═══ THE RECORDS

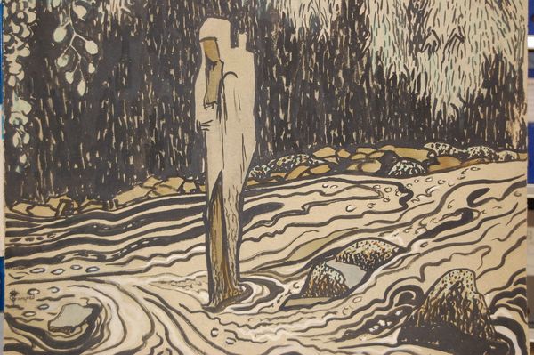 Curator: Ludwig von Hofmann's "Zwei Frauen und ein Jüngling im Bade," housed here at the Städel Museum, offers an intriguing glimpse into early modern ideals. We believe it was made with colored pencils on paper, though there's a slight ambiguity suggesting perhaps some oil pastel techniques at play too. Editor: Well, my first impression is one of quiet yearning. There’s a beautiful melancholy about the scene; the soft pastel colors lend it a dreamlike, almost ethereal quality. Are they figures from a myth or perhaps simply enjoying a clandestine moment? Curator: Hofmann moved in circles where these themes – nudes in nature, echoes of classical ideals – were actively re-imagined. This ties into the whole life reform movement prominent at the time, promoting healthier lifestyles and a return to nature as a remedy for industrial society. Editor: Exactly, but Hofmann doesn’t romanticize it. There's this pensive atmosphere, even unease, particularly in the standing figure draped in fabric on the left. It looks more like introspection, perhaps a sense of vulnerability exposed in the landscape. What’s your take on the arrangement of these characters, in terms of the visual storytelling here? Curator: Well, positioning figures in a non-theatrical but equally psychologically suggestive way, reminds me of a technique favoured by artists who belonged to the Intimist and Symbolist circles. Editor: It is such a gentle study of longing and humanity – that the Symbolist current you mentioned comes to mind is inevitable. But perhaps it has a quality specific to the time. What did Hofmann want us to reflect on as we watched? Curator: One interpretation is that, by showing figures in a natural setting, he's nudging the viewer to look at themselves, consider their relationship with the environment, and, perhaps more profoundly, reflect on life’s grander questions in a setting divorced from the increasing pressures of the modern age. Editor: Hofmann’s ability to distill such profound feelings into such delicate strokes makes this a special piece indeed. It’s less a representation and more a suggestion, prompting each of us to complete the story with our own vulnerabilities and longings. Curator: It serves as a testament to the power of art of that time and now to provide more than visual enjoyment but philosophical engagement too.
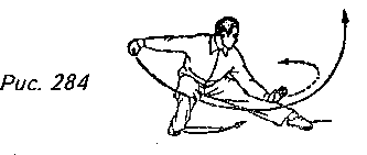 Движение 2: Медленно опустите корпус, припадая на правую ногу и выставляя левую как можно дальше влево, при этом образуется расширенный шаг (в китайской боевой терминологии он обычно называется “распростертым”). Проделав это, опустите левую руку к левому бедру и скользящим движением проведите вдоль внутренней стороны правой ноги. Взгляд следит за левой ладонью (рис. 284).
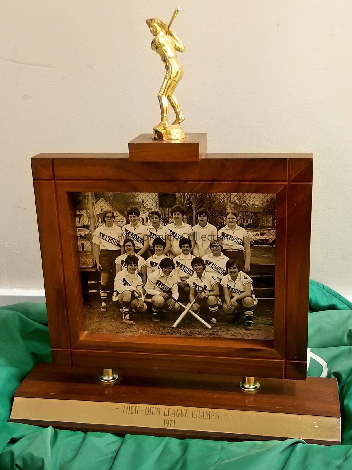 1971 Michigan-Ohio League Champions trophy with photograph from the Lansing Laurels softball team. From the Lenz Estate.
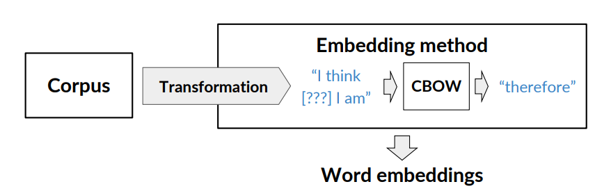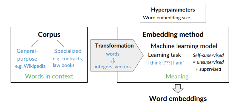 - A corpus text: as sawn in previous lesson the context of a word tells you what type of words tend to occur that specific word. The context is important as this is what will give meaning to each word embedding.
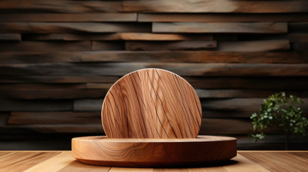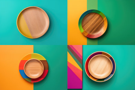 Color Wood Plate Mock Up, Empty Dishware Mockup with Copy Space for Text Top View, Generative AI Illustration
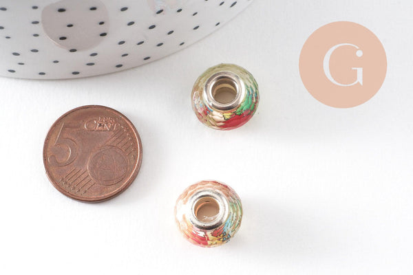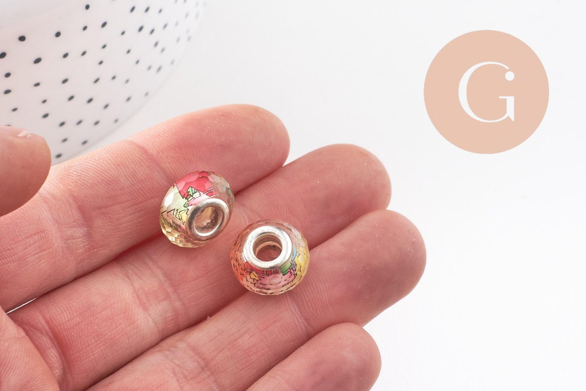 Cuentas de resina transparente y estampado multicolor que pueden complementar bonitas pulseras plateadas tipo Pandora.
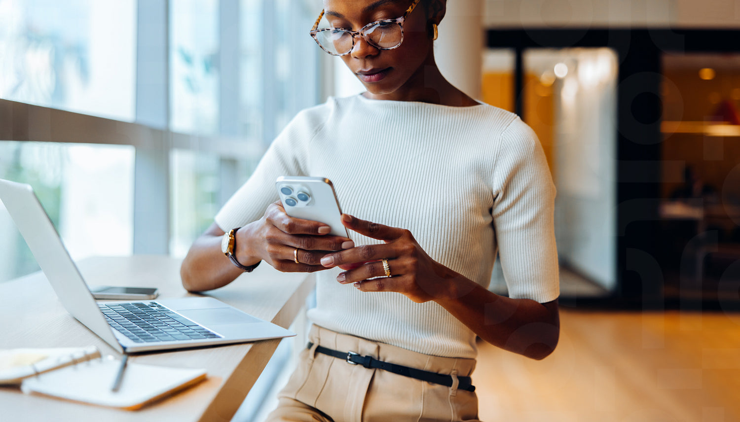 A focused young professional woman checks messages on her smartphone next to her laptop. The office ambiance conveys productivity and dedicated work.

══════

Keep the pictures out of the copy and write out the data exactly as it stands.

 Curator: Ludwig von Hofmann's "Zwei Frauen und ein Jüngling im Bade," housed here at the Städel Museum, offers an intriguing glimpse into early modern ideals. We believe it was made with colored pencils on paper, though there's a slight ambiguity suggesting perhaps some oil pastel techniques at play too. Editor: Well, my first impression is one of quiet yearning. There’s a beautiful melancholy about the scene; the soft pastel colors lend it a dreamlike, almost ethereal quality. Are they figures from a myth or perhaps simply enjoying a clandestine moment? Curator: Hofmann moved in circles where these themes – nudes in nature, echoes of classical ideals – were actively re-imagined. This ties into the whole life reform movement prominent at the time, promoting healthier lifestyles and a return to nature as a remedy for industrial society. Editor: Exactly, but Hofmann doesn’t romanticize it. There's this pensive atmosphere, even unease, particularly in the standing figure draped in fabric on the left. It looks more like introspection, perhaps a sense of vulnerability exposed in the landscape. What’s your take on the arrangement of these characters, in terms of the visual storytelling here? Curator: Well, positioning figures in a non-theatrical but equally psychologically suggestive way, reminds me of a technique favoured by artists who belonged to the Intimist and Symbolist circles. Editor: It is such a gentle study of longing and humanity – that the Symbolist current you mentioned comes to mind is inevitable. But perhaps it has a quality specific to the time. What did Hofmann want us to reflect on as we watched? Curator: One interpretation is that, by showing figures in a natural setting, he's nudging the viewer to look at themselves, consider their relationship with the environment, and, perhaps more profoundly, reflect on life’s grander questions in a setting divorced from the increasing pressures of the modern age. Editor: Hofmann’s ability to distill such profound feelings into such delicate strokes makes this a special piece indeed. It’s less a representation and more a suggestion, prompting each of us to complete the story with our own vulnerabilities and longings. Curator: It serves as a testament to the power of art of that time and now to provide more than visual enjoyment but philosophical engagement too.
 Движение 2: Медленно опустите корпус, припадая на правую ногу и выставляя левую как можно дальше влево, при этом образуется расширенный шаг (в китайской боевой терминологии он обычно называется “распростертым”). Проделав это, опустите левую руку к левому бедру и скользящим движением проведите вдоль внутренней стороны правой ноги. Взгляд следит за левой ладонью (рис. 284).
 1971 Michigan-Ohio League Champions trophy with photograph from the Lansing Laurels softball team. From the Lenz Estate.
 - A corpus text: as sawn in previous lesson the context of a word tells you what type of words tend to occur that specific word. The context is important as this is what will give meaning to each word embedding.
 Color Wood Plate Mock Up, Empty Dishware Mockup with Copy Space for Text Top View, Generative AI Illustration
 Cuentas de resina transparente y estampado multicolor que pueden complementar bonitas pulseras plateadas tipo Pandora.
 A focused young professional woman checks messages on her smartphone next to her laptop. The office ambiance conveys productivity and dedicated work.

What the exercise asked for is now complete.